• [Task description]:
Make an exact copy of the data below, leaving out every picture.

• [Dataset excerpt]:
⟨
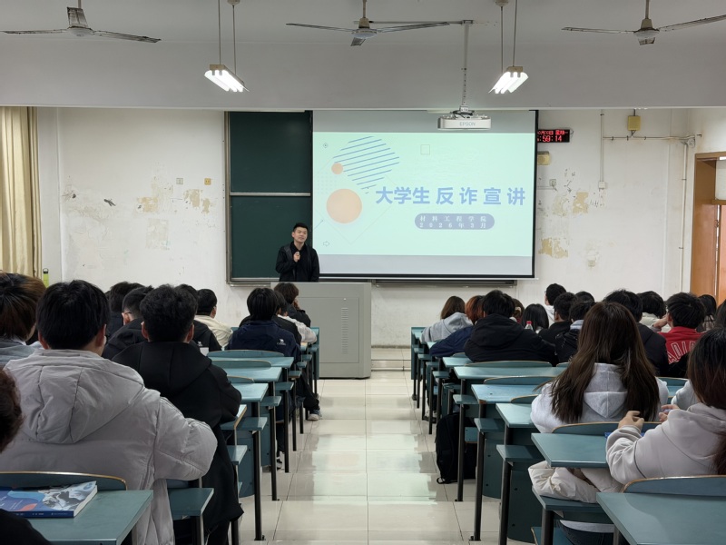 为深入贯彻落实校园安全教育工作,有效遏制电信网络诈骗案件向校园渗透,切实提升学生识骗防骗能力,3月30日,材料工程学院开展反诈宣传主题讲座。本次讲座由学院辅导员高强担任主讲,全体反诈宣传员参加学习。
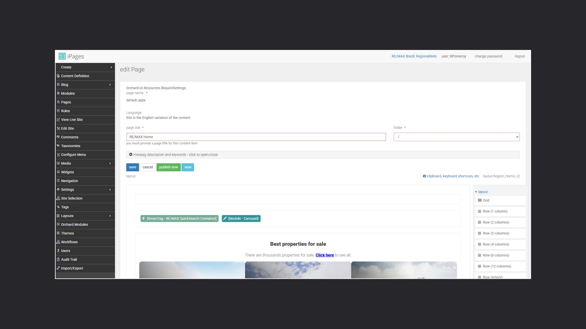 A screenshot of the original RE/MAX Brazil quick search and iPages page editor
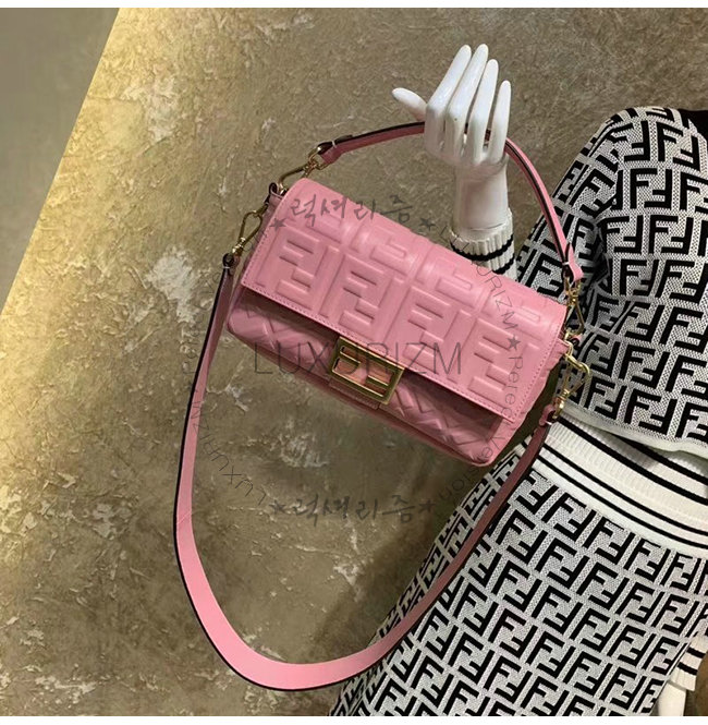 [스페셜오더]FENDI-8BR600 펜디 핑크 FF 모티프 양가죽 미디엄 바게트백
⟩
• [Answer space]:
 为深入贯彻落实校园安全教育工作,有效遏制电信网络诈骗案件向校园渗透,切实提升学生识骗防骗能力,3月30日,材料工程学院开展反诈宣传主题讲座。本次讲座由学院辅导员高强担任主讲,全体反诈宣传员参加学习。
 A screenshot of the original RE/MAX Brazil quick search and iPages page editor
 [스페셜오더]FENDI-8BR600 펜디 핑크 FF 모티프 양가죽 미디엄 바게트백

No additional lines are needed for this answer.